_Instructions to follow:_ Reproduce only this stretch of the listing below: from the line with "Pull Col Roulé" through the line with "Sensodyne Complete Protection", exactly as written, with pictures excluded.

_Listed records:_
#####
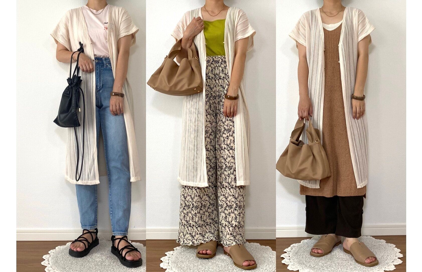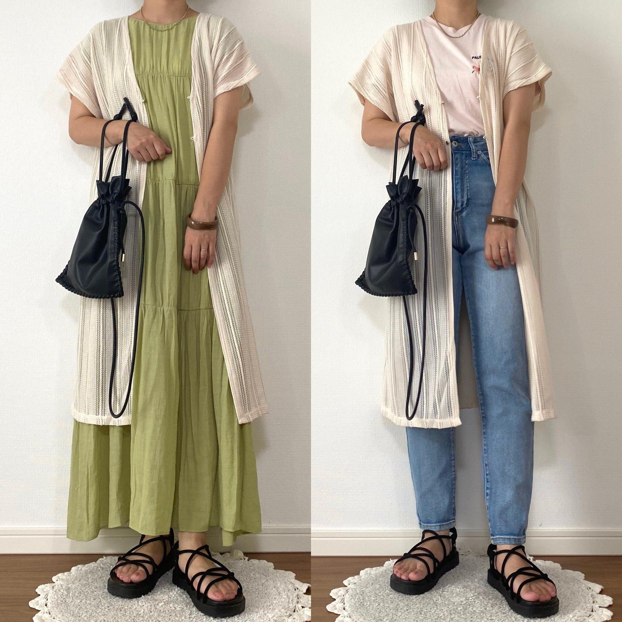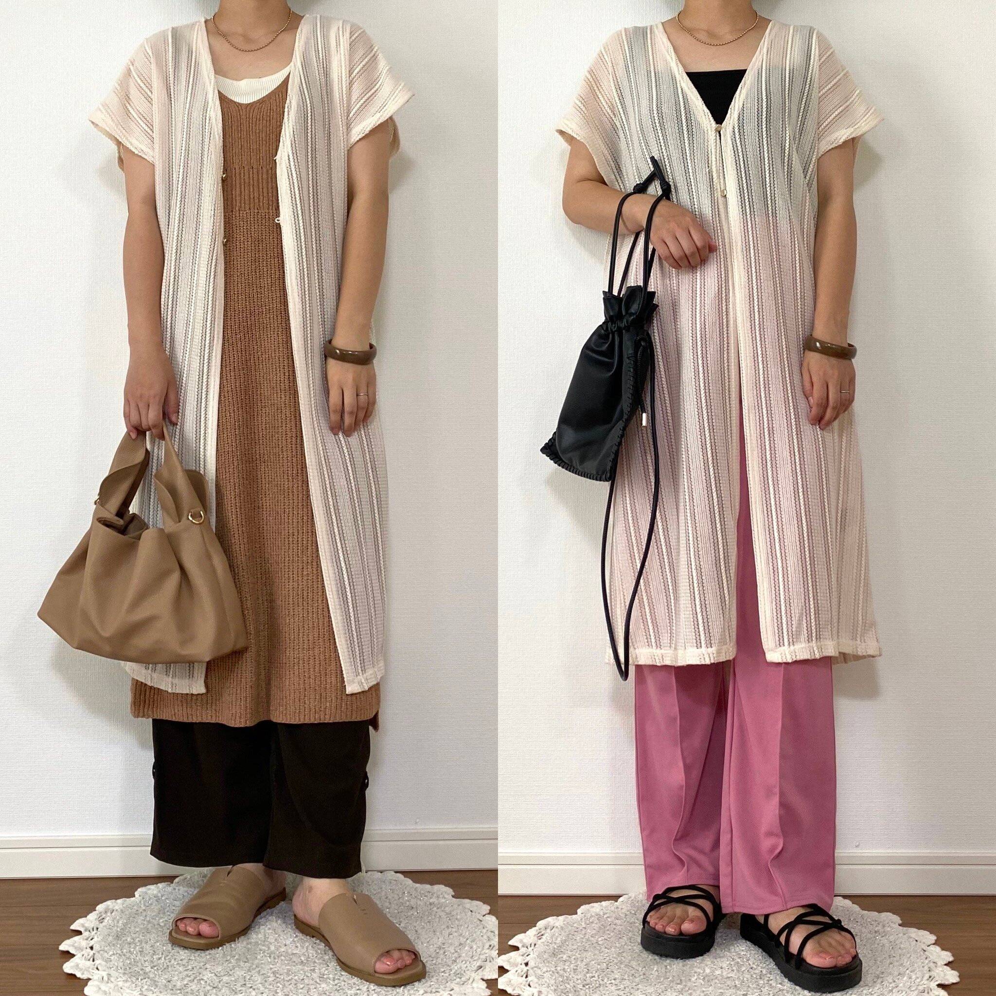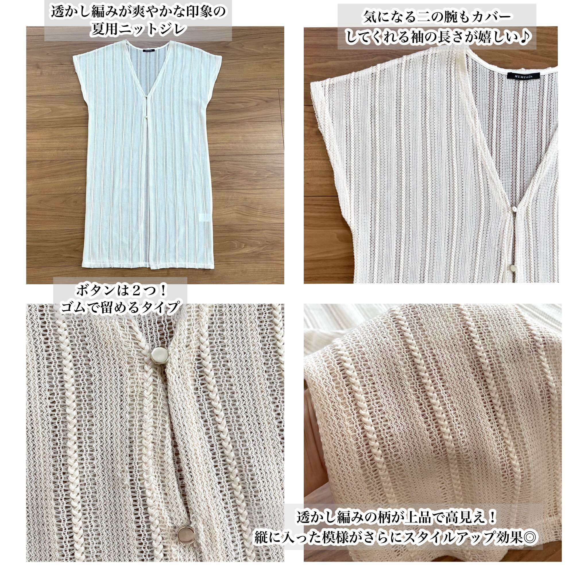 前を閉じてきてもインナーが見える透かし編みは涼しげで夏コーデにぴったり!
#####
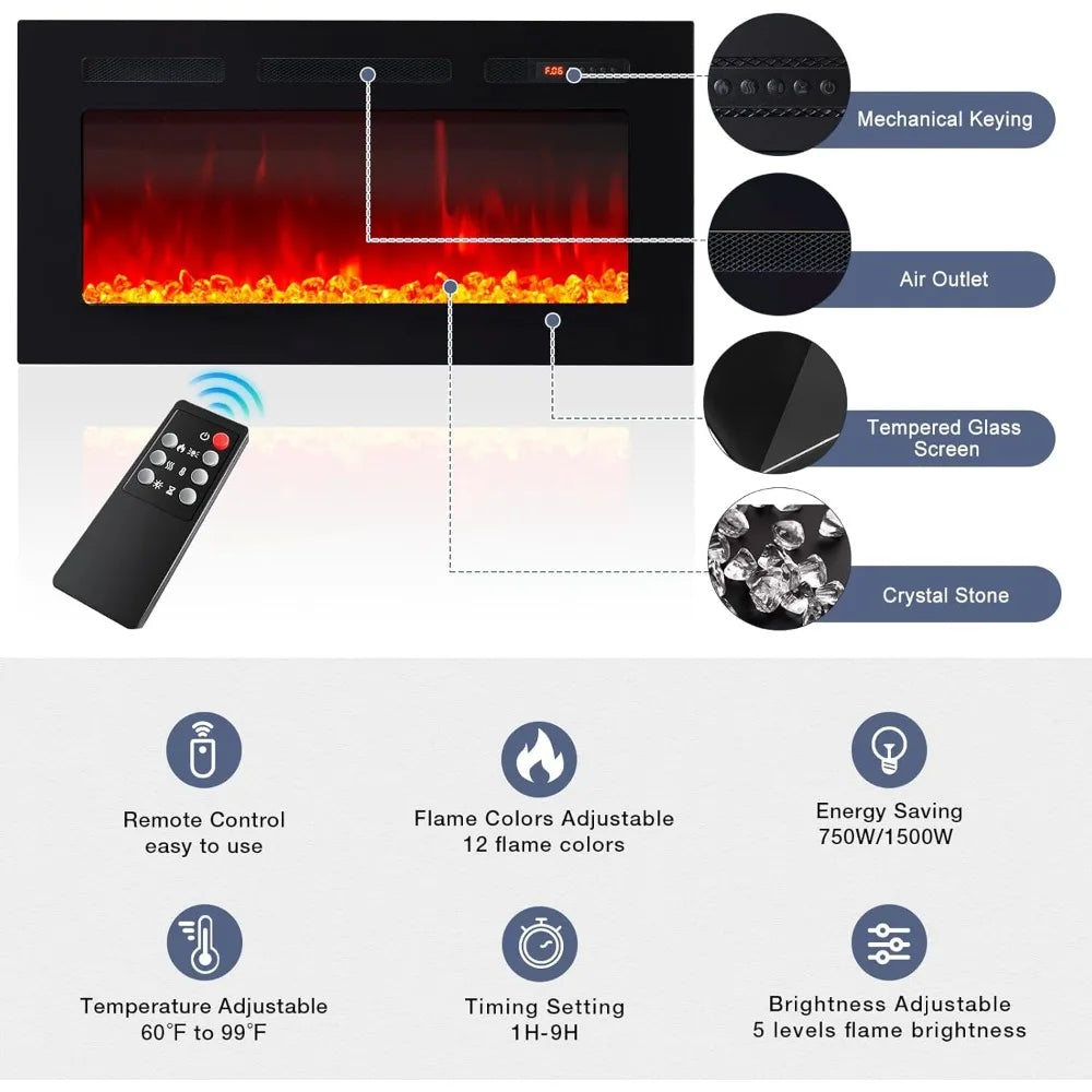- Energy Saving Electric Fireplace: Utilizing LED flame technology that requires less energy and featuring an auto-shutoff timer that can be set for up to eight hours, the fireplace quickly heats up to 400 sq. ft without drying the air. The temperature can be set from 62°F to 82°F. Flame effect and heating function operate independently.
#####
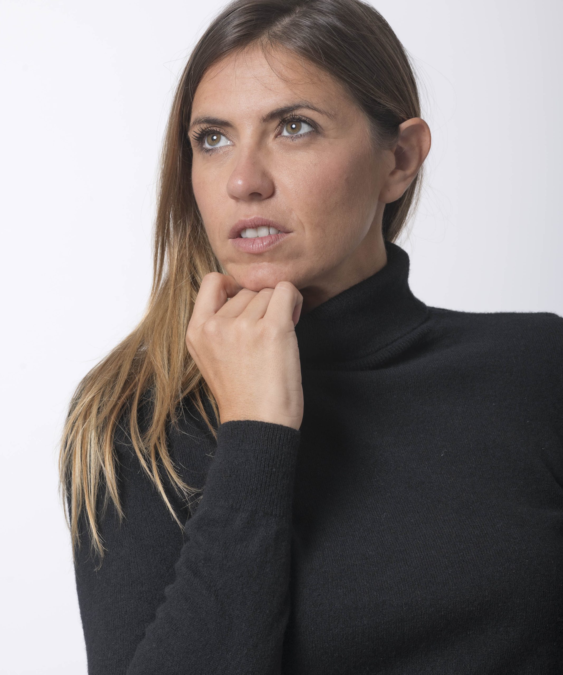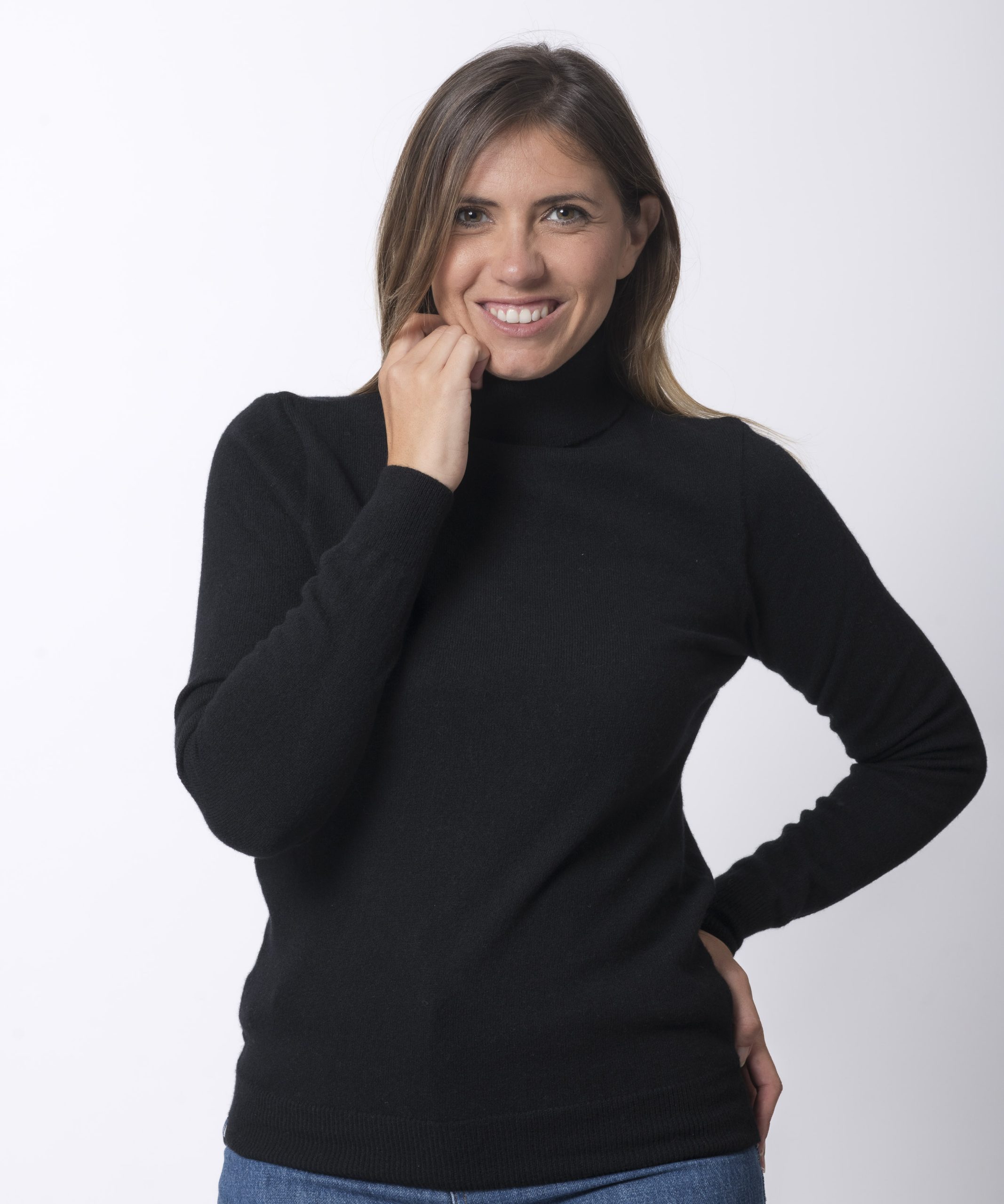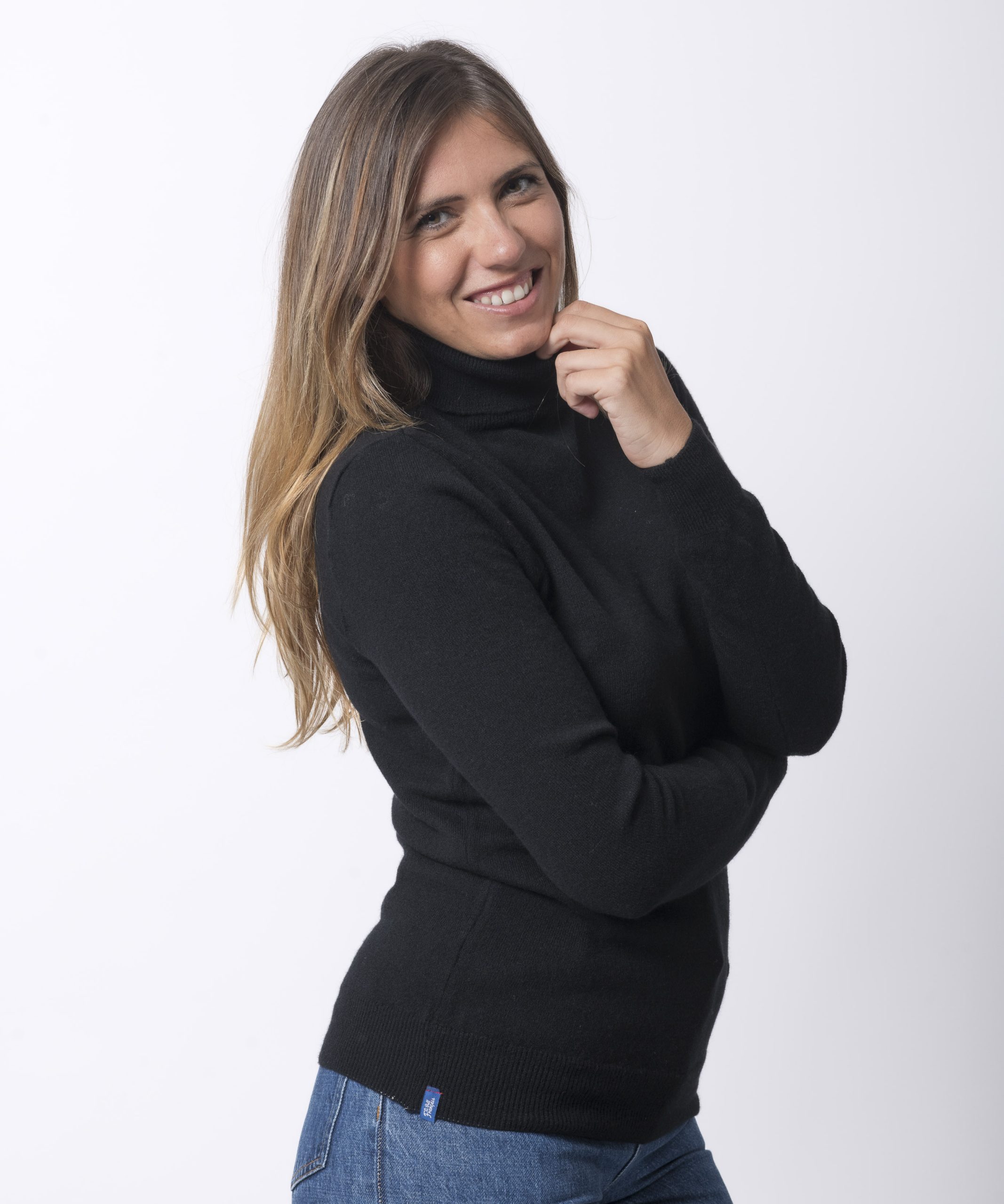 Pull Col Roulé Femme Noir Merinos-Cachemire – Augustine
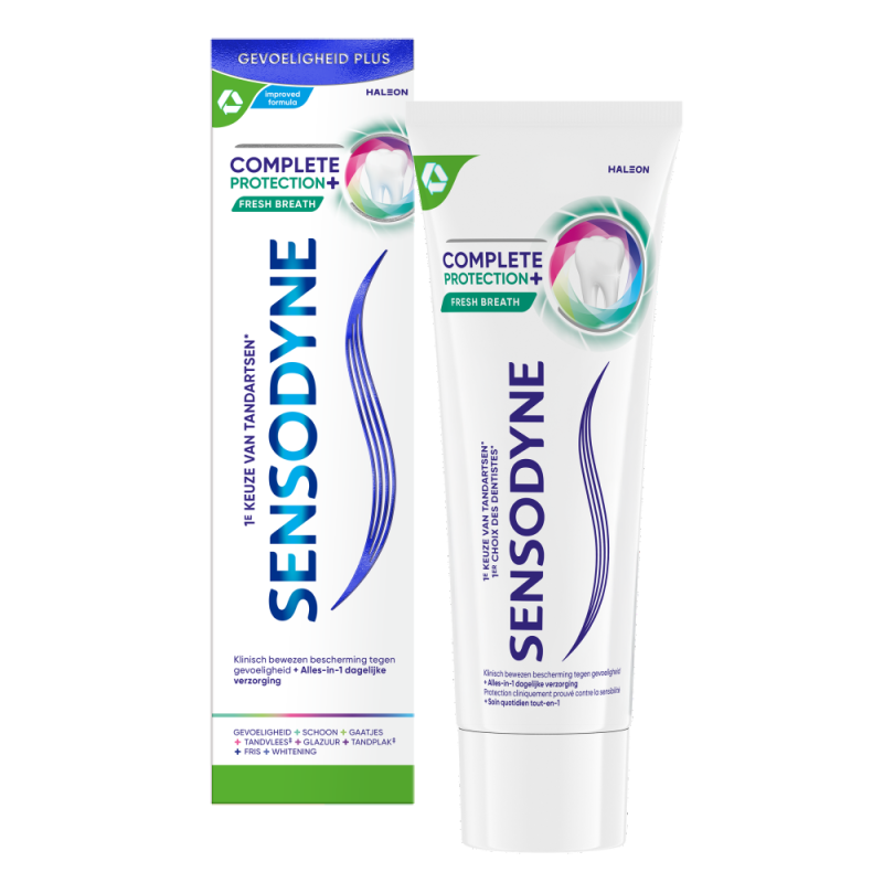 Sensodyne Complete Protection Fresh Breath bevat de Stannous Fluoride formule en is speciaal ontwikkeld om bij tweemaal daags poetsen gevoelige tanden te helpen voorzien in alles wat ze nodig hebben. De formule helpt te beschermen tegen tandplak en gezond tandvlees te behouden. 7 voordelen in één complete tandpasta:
#####
_Written reply:_
 Pull Col Roulé Femme Noir Merinos-Cachemire – Augustine
 Sensodyne Complete Protection Fresh Breath bevat de Stannous Fluoride formule en is speciaal ontwikkeld om bij tweemaal daags poetsen gevoelige tanden te helpen voorzien in alles wat ze nodig hebben. De formule helpt te beschermen tegen tandplak en gezond tandvlees te behouden. 7 voordelen in één complete tandpasta:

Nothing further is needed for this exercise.